My love for bars started long before it was legal for me to drink. I grew up in them, and I am a third-generation bartender and bar owner. My mother, father, and grandfather were bartenders. I have worked in food and beverage since I was 12. I was an overweight kid who struggled socially and didn’t have many friends. My father’s bar was the one social setting where I found unconditional love and acceptance. Being there helped me gain confidence. It taught me how to converse, to interact, and to develop a sense of humor and a much-needed thicker skin. My father’s bar patrons became part of my family (my mother referred to them as my drunken uncles). My father, Bob Kenyon (known by seemingly everyone as BK), was a master of creating community. He treated his staff and guests like family and they, in turn, did the same. I have spent the entirety of my career either seeking similar work situations or trying to create them.

However significant [bars and restaurants] are for guests, they are monumental for the people who work in them.

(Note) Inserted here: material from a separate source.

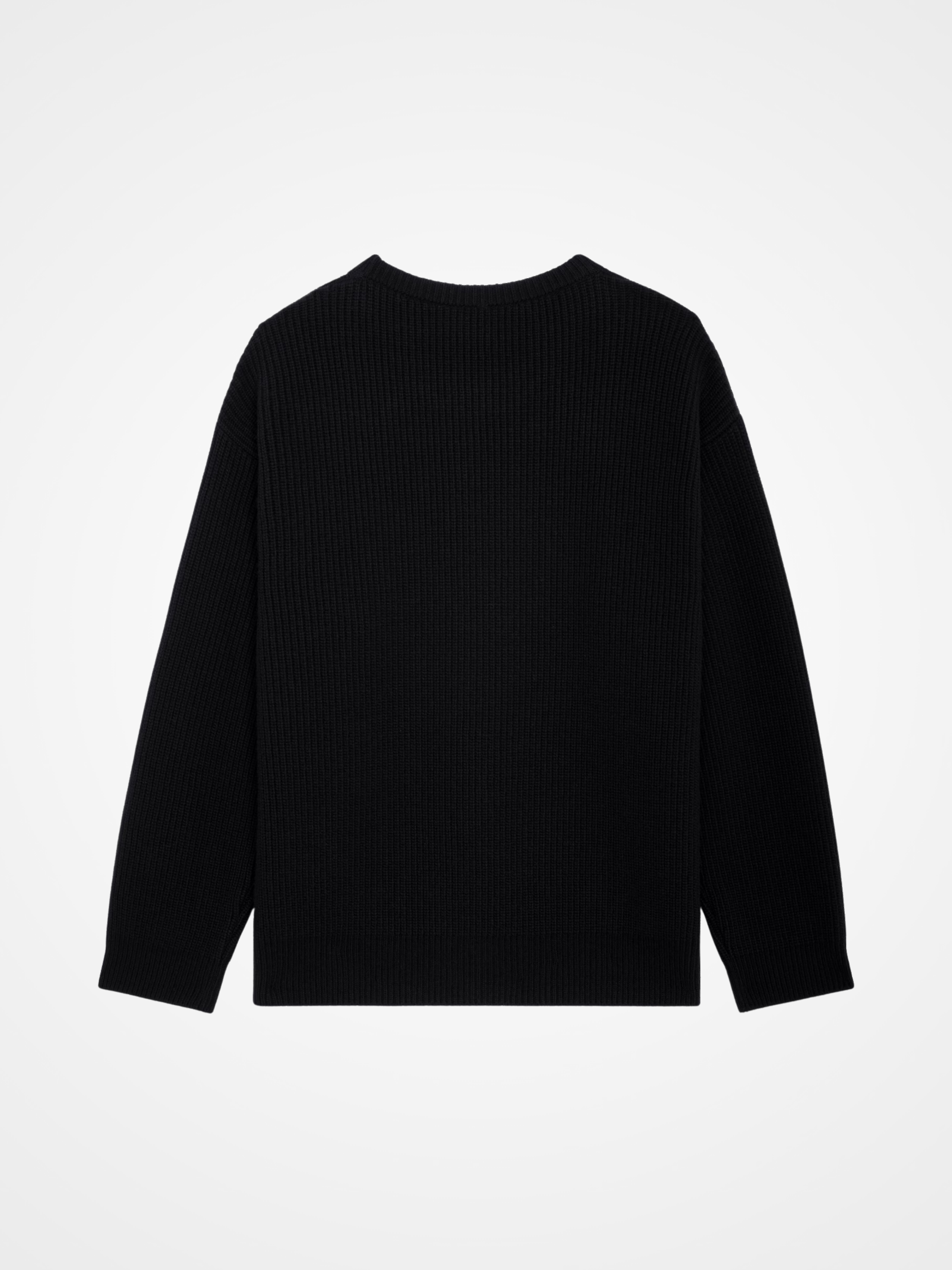 This oversized crew-neck sweater is crafted from ribbed wool, offering both warmth and texture. It features a subtle patch inspired by Celine branding, blending relaxed comfort with understated luxury for a modern, versatile look.

Now that I have my own bars, my goal is that everyone leaves in a better place than when they walked in. I feel an important responsibility towards our guests. The way I see it, my staff and I have the power to make or break someone’s day in a matter of seconds. If someone walks into our bar and we acknowledge them right away and bring them into our little community, then we’ve made them feel part of something greater. That is our goal. But if we ignore that same person when they walk in, we could ruin their day. It’s a big responsibility, but I love the challenge and it fulfills me when we get it right.

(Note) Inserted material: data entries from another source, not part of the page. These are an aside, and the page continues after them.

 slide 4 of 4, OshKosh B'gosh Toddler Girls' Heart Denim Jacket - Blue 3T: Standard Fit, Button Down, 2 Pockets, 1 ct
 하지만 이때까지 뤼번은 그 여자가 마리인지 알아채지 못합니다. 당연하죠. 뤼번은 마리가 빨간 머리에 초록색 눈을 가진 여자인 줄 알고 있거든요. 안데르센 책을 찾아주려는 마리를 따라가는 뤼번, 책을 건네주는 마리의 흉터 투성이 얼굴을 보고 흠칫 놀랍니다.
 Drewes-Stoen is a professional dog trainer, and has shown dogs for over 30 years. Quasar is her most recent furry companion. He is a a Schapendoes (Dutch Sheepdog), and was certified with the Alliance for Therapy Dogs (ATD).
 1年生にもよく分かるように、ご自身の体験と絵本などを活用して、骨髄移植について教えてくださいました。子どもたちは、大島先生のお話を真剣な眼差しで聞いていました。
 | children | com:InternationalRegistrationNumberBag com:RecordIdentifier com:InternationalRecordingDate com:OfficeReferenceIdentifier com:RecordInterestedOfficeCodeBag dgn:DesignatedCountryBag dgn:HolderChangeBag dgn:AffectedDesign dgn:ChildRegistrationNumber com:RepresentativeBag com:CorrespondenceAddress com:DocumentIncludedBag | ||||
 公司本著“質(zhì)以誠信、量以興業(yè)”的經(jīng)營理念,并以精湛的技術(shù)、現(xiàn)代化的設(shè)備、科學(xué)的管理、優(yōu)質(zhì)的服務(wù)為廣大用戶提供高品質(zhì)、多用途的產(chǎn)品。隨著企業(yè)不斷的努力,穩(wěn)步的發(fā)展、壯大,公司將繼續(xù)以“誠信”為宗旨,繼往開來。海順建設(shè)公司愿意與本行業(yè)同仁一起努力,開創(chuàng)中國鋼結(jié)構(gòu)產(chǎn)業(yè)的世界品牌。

Bars and restaurants have long been the heart of our communities. They have been places to celebrate, commiserate, and hatch plans. You can walk in alone and instantly join a community, if only for the night. However significant these places are for guests, they are monumental for the people who work in them. They are sanctuaries for those who don’t fit in, a work version of the Island of Misfit Toys. They are places where someone—like me—who constantly feels like an outsider can experience inclusion and companionship. 

Our industry has struggled, but we will endure. We are fighters and people who have overcome adversity. We will draw on that strength and fortitude. We will survive. Bars and restaurants are much more than food and drink; they feed and nurture the soul of society. And, like an old friend, they are there for you when you need them. Right now, those friends need your love.